The Credit Card Accountability, Responsibility and Disclosure Act, aka the Credit CARD Act, will go into effect next February, but a few provisions are scheduled to kick in on August 20, about 6 weeks from now. Those provisions include a requirement that credit care issuers give 45 days' notice before an interest rate hike, compared with the 15-day notice currently required now. That'll give consumers time to shop for a new card if they're unhappy with the new rate.

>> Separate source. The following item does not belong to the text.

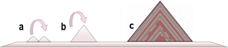 Figura 2. Proceso de remonte de hileras y formación de las pilas para secado solar. a) Remonte de la 1ra hilera sobre la segunda, b). Pila de menor altura formada por dos hileras. c) Pila terminada con todas sus hileras remontadas.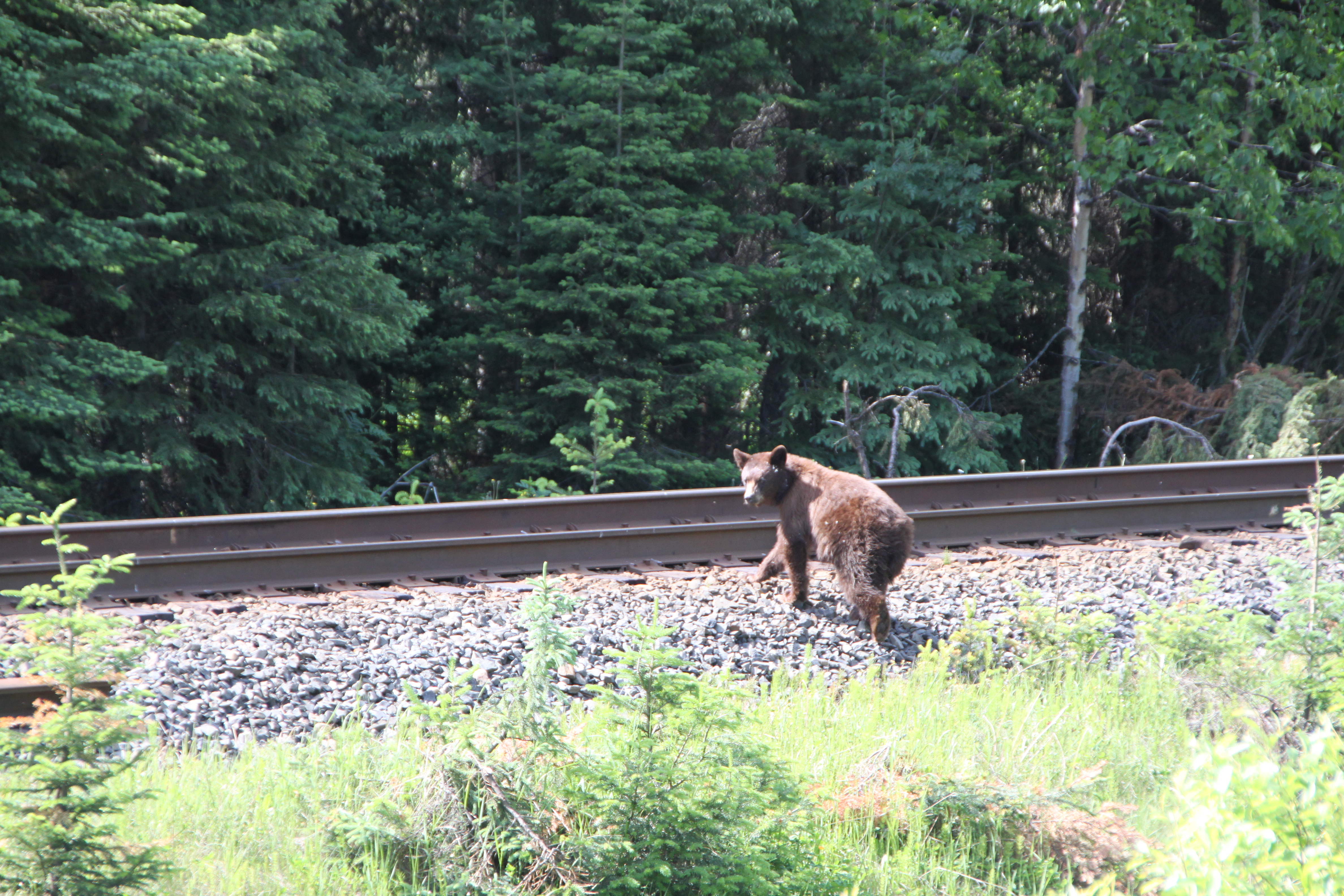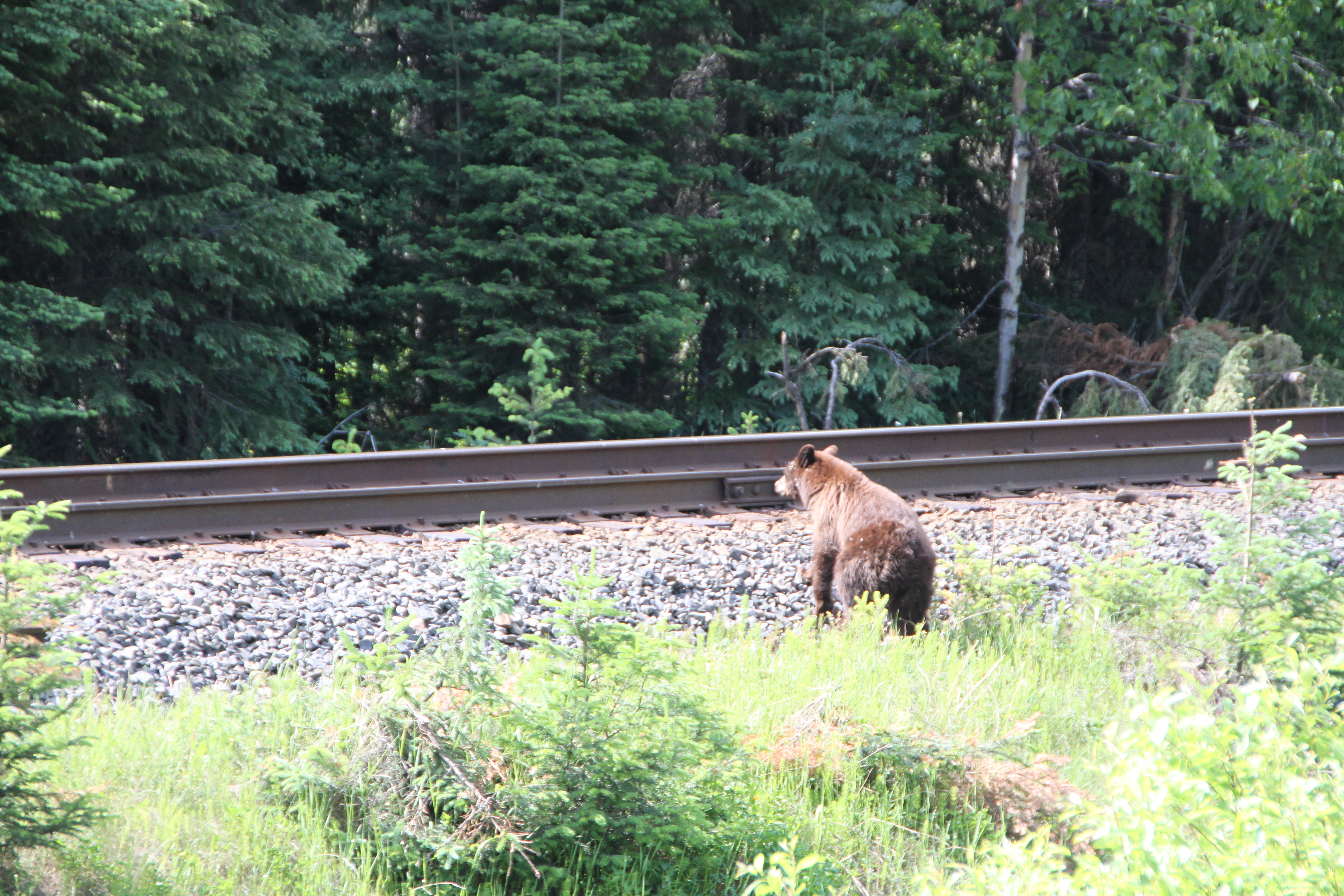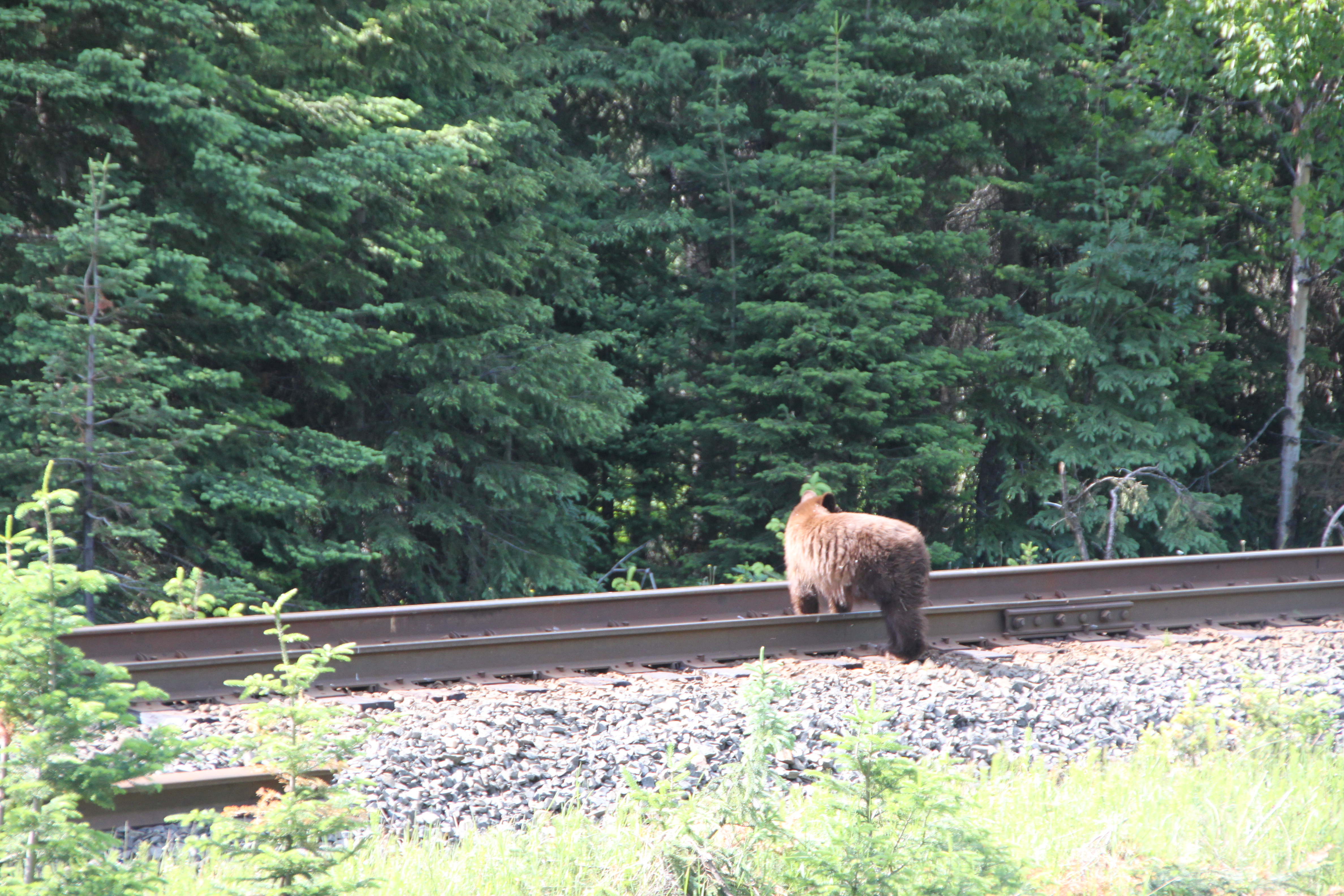 Unterwegs Richtung Jasper Nationalpark erspähen wir Meister Petz. He Sie, das Überschreiten der Geleise ischt verboten!

In recent weeks, however, banks have been sneaking in changes in advance of the new law's effective date. Here are a few, identified by Bill Hardekopf, CEO of www.LowCards.com, and author of The Credit Card Guidebook:
•JP Morgan Chase increased the minimum payment percentage to 5 percent of what's owed, from 2 percent. In one sense, that's good for consumers because it forces a quicker payment of the principal, resulting in lower interest payments overall. But it could throw others–particularly those only able to afford to 2 percent–for a loop. [UPDATE July 15, 2009: Chase says they notifed less than one percent of its customers that their monthly payment would increase this way.–Ed.]
•Chase also increased
its the maximum balance transfer fee and cash advance fee to 5 percent, effective in August. Hardekopf says that's the highest in the industry. Bank of America's balance transfer fee is now 4 percent, up from 3 percent.
•Several banks announced they would be moving to a variable rate from a fixed rate. Simmons Visa Platinum Rewards, for instance, is moving tomorrow to a variable rate of 9.25 percent, from a fixed rate of 8.95 percent.